Dollars to donuts Cable Labs requires this, and they do so because they get pressure from the content owners. Most of these people don't understand technology at all, they just say "we don't want the app to work on hacked devices" and TiVo has to comply.


----------



## waynomo

Dan203 said:


> Dollars to donuts Cable Labs requires this, and they do so because they get pressure from the content owners. Most of these people don't understand technology at all, they just say "we don't want the app to work on hacked devices" and TiVo has to comply.


A conspiracy of ignorance. Nothing new.


----------



## PCurry57

slowbiscuit said:


> It's Samsung only, so cuts out a ton of other Android.


So does this work to allow streaming with a rooted device. I flashed the current original rom back on my galaxy tab 3 so I could stream.. If this works I'll root it again


----------



## aaronwt

mrsean said:


> Especially, if you're on VZW. Google is done with them as far as the Nexus brand is concerned.


Yet there are still current rumors that the next Nexus phone will be available on Verizon Wireless.


----------



## Endymion_

slowbiscuit said:


> I have no idea what you're talking about when you say a Nexus can't do stuff a carrier-locked phone can do.

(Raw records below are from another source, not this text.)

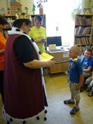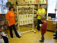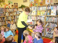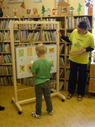 Po krátkém úvodu, kdy jsme všechny návštěvníky přivítali v našem Písmenkovém království, usedla na svůj trůn i Písmenková královna, aby mohla sledovat, jak budou malí školáci plnit připravené úkoly a tím předvedou své znalosti písmenek a čtení. Nejprve děti přiřazovaly na magnetické tabuli k obrázkům známých pohádkových postaviček jejich správné pojmenování. V rámci druhého úkolu jsme luštili veršované hádanky, možné odpovědi si děti musely samy přečíst a pak vybrat tu správnou. Do třetice jsme hledali jména pohádkových postaviček, která začínají na určité písmenko, a nakonec nám děti předvedly ještě čtení neznámého textu z připravené knížky. Svými skvělými výkony nás všichni prvňáčci přesvědčili, že opravdu umí číst a zaslouží si ocenění Malý čtenář.
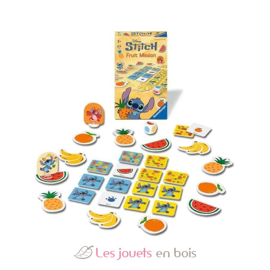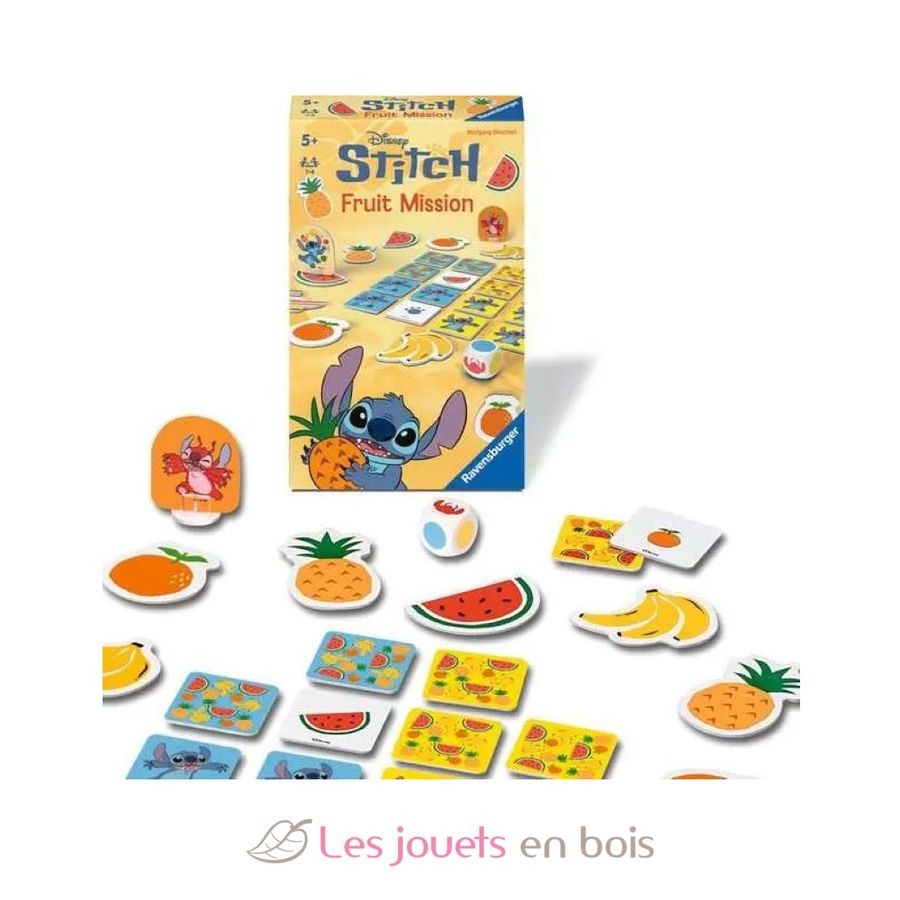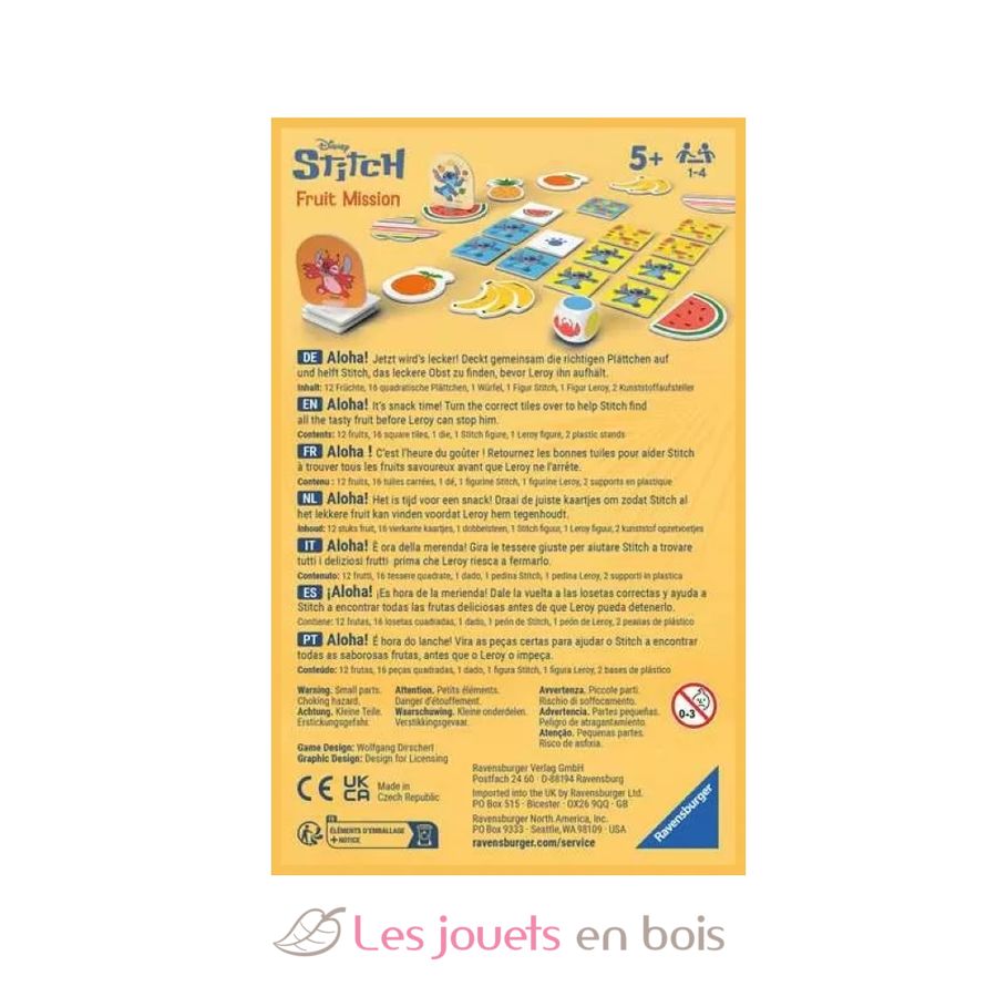 Contents: 12 fruits, 16 square cards, 1 die, 1 Stitch figure and 1 Leroy figure with their plastic stands, 1 rulebook.
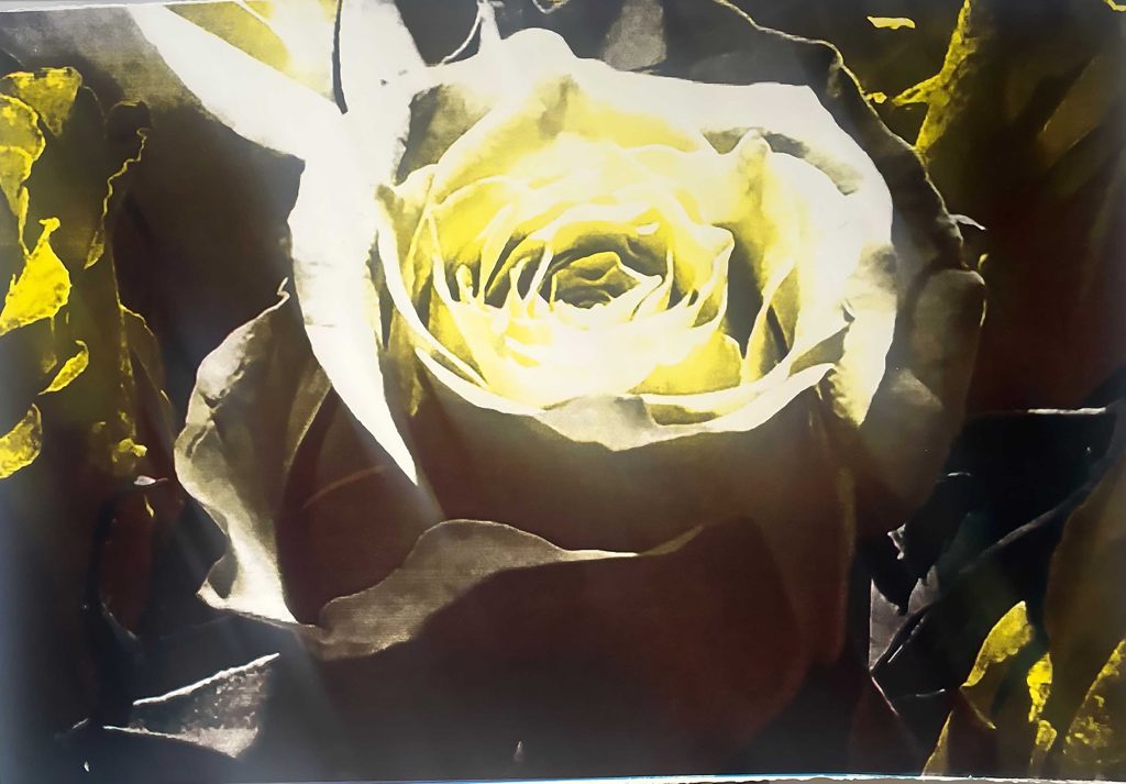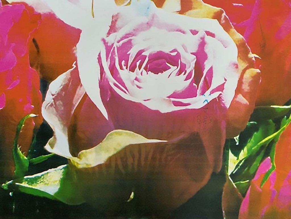 I am currently screenprinting a series of roses (Ancient Rose) some of which can be seen below. The photographs below are the pandemic rose screenprints – a small selection of the vast number taken and that are being sifted through.
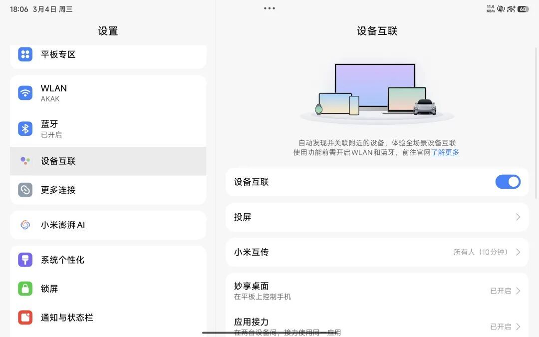澎湃OS 3在平板上的表现比2稳定很多,能直接控制米家生态,也能跟手机互联,实现网络共享和通知流转啥的。
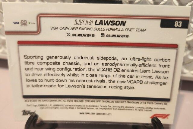 ![Liam Lawson 209/250 [Pink Raywave Refractor] #83 2025 Topps Chrome Formula 1](/images/572821/pid5886864/20260315_171011.jpg?tm=1773549067&kb=72)
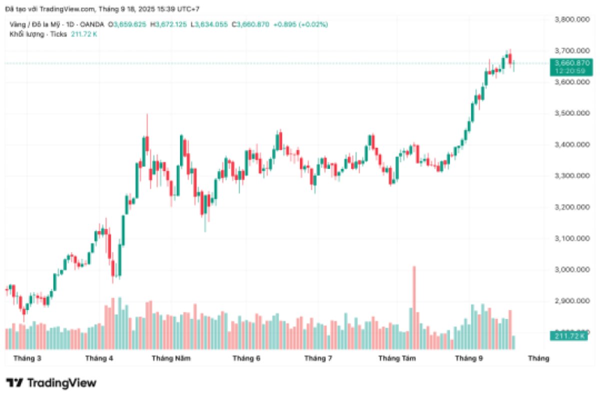 Tính đến 10 giờ 30 phút ngày 18/9 (giờ Việt Nam), giá vàng thế giới giảm 9,9 USD/ounce so kết phiên hôm trước xuống mức 3.661,8 USD/ounce

I have no idea what you are talking about, either, but mostly because I didn't say that. I said that "just buy a Nexus" is not a good alternative to a *rooted* phone. You know this is true because you yourself said that a *rooted* Nexus is more powerful. I don't want carrier specific garbage on my phone, and while "just buy a Nexus" solves _that_ problem, it doesn't give you the kind of power that a rooted phone would give. I don't use a Nexus but if I did, it would be rooted already. I'm not sure why it isn't clear to you that I was specifically stating that a *rooted* phone is a desirable thing, counter to Captainbob's implication.


----------



## slowbiscuit

And I said that rooting a Nexus is dirt-simple, the problem here is that you used a bad example vs. a carrier phone that's been unlocked.


----------



## Endymion_

You're the one making the bad comparison. All I said is that an unlocked phone is not a good alternative to a rooted one. You yourself know this when you have admitted that _a rooted Nexus is preferable to an unrooted one._ I made absolutely no comment on how easy it is to root any phone, Nexus or otherwise. I was addressing Captainbob's notion that a Nexus (an unlocked phone) is the solution to everyone's problems.

Short answer: it's not.


----------



## swerver

So I guess no one has figured this out yet?


----------



## JonSCSL

swerver said:


> So I guess no one has figured this out yet?


You can unroot via the option in SuperSU then the Tivo app will stream. To reroot you could flash supersu.zip in recovery.

Sent from my SM-G900P using Tapatalk


----------



## ehagberg

JonSCSL said:


> You can unroot via the option in SuperSU then the Tivo app will stream. To reroot you could flash supersu.zip in recovery.
> 
> Sent from my SM-G900P using Tapatalk


As I've said elsewhere - that might work for you, but didn't for me. I unrooted and the app still claims "unauthorized changes"... so the "unroot and it'll work" isn't necessarily true.


----------



## Bytez

I think it only works on stock roms.


----------



## midas

ehagberg said:


> As I've said elsewhere - that might work for you, but didn't for me. I unrooted and the app still claims "unauthorized changes"... so the "unroot and it'll work" isn't necessarily true.


I just want to clarify something. There are two options of interest in SuperSU. The first once is simply a checkbox to enable Superuser. Farther down the settings list is the option to do a complete uninstall. Did you choose the complete uninstall?


----------



## ehagberg

midas said:


> I just want to clarify something. There are two options of interest in SuperSU. The first once is simply a checkbox to enable Superuser. Farther down the settings list is the option to do a complete uninstall. Did you choose the complete uninstall?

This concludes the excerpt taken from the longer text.